Friday, January 13, 2012

The Greatest Generation

I believe in the dwindling generation that some people call our greatest and others simply call “old people.” True, some of them may shuffle when they walk or need their driver’s licenses revoked, but some of my most treasured friends have been recruited from amongst their stoop-shouldered ranks.
I didn’t grow up fearing the elderly. A great-grandmother I can only vaguely remember baked apples filled with warmth, kindness and raisins, and graciously surveyed my clumsy kindergarten artwork. Until I left home I chuckled daily with her daughter, my grandmother, as we searched for silver linings to the clouds of embarrassment. We share a lack of athletic prowess and an awkwardness that once led her to trip down a flight of stairs in front of handsome GI she would have liked to impress, and me to bowl a 21 despite friendly efforts to cheat on my behalf. Years really don’t destroy what human beings have in common.
I marvel at my wise, patient and bright-eyed friends. They have worked hard, done without, and thanked God for the things they were given. They are simple people who split their infinitives, mispronounce for and nuclear, have lost digits in farm-related accidents, and know what it means to be neighborly. They have pinched pennies to buy their children and grandchildren the things they never had, whether they ought to or not. They faced terror and disillusionment in order to paste snapshots of fallen comrades and a genuine swastika armband in their scrapbooks. Many of them are lonely.
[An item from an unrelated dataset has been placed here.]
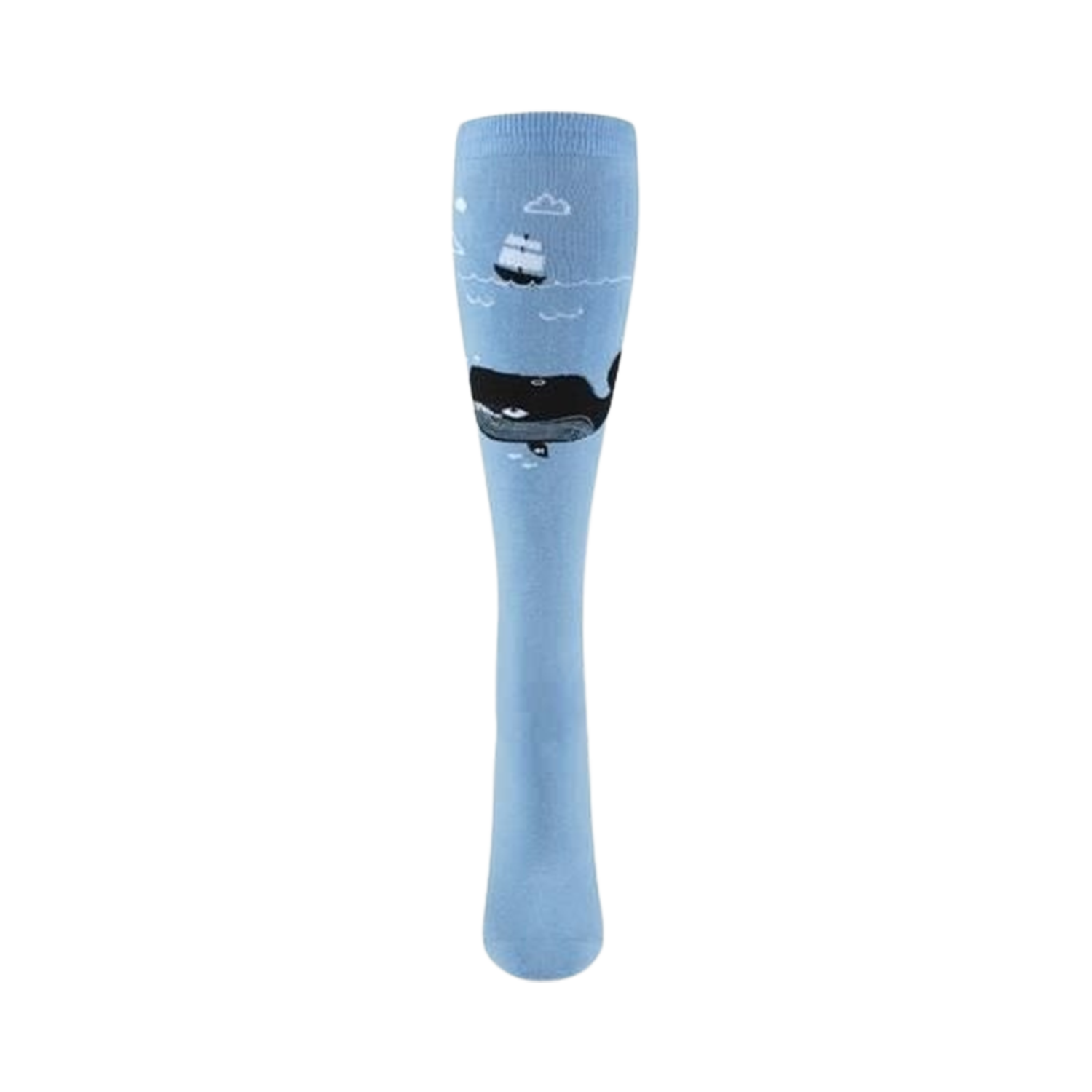 When we tell you that you could be up to your knees in whale-filled waters, you might think it's a whale of a tale. But not to worry - no big fish here! Just a cute pair of socks that will have you daydreaming of afternoons napping in a canoe, or maybe fixing to catch the next Moby Dick. Hope you've got strong arms!

They leave a void when they’re gone, but I don’t mind the part of their funerals where you learn that Ruth once chased Max out of her store with a broom for attempting to usher livestock in, and Ephraim was fond of quipping that, “You ain’t never lived ’till you’ve kept a fat, drunk lady on her horse.”
I believe in holding doors open for them, helping them with their groceries, and listening attentively while they brag about long-absent grandchildren and reminisce about the good old days. Someday, I would like to model more than the physical effects of their aging. I hope that I too will have the courage and humility to smile at everyone I meet, and the sense to know what’s really worth worrying about.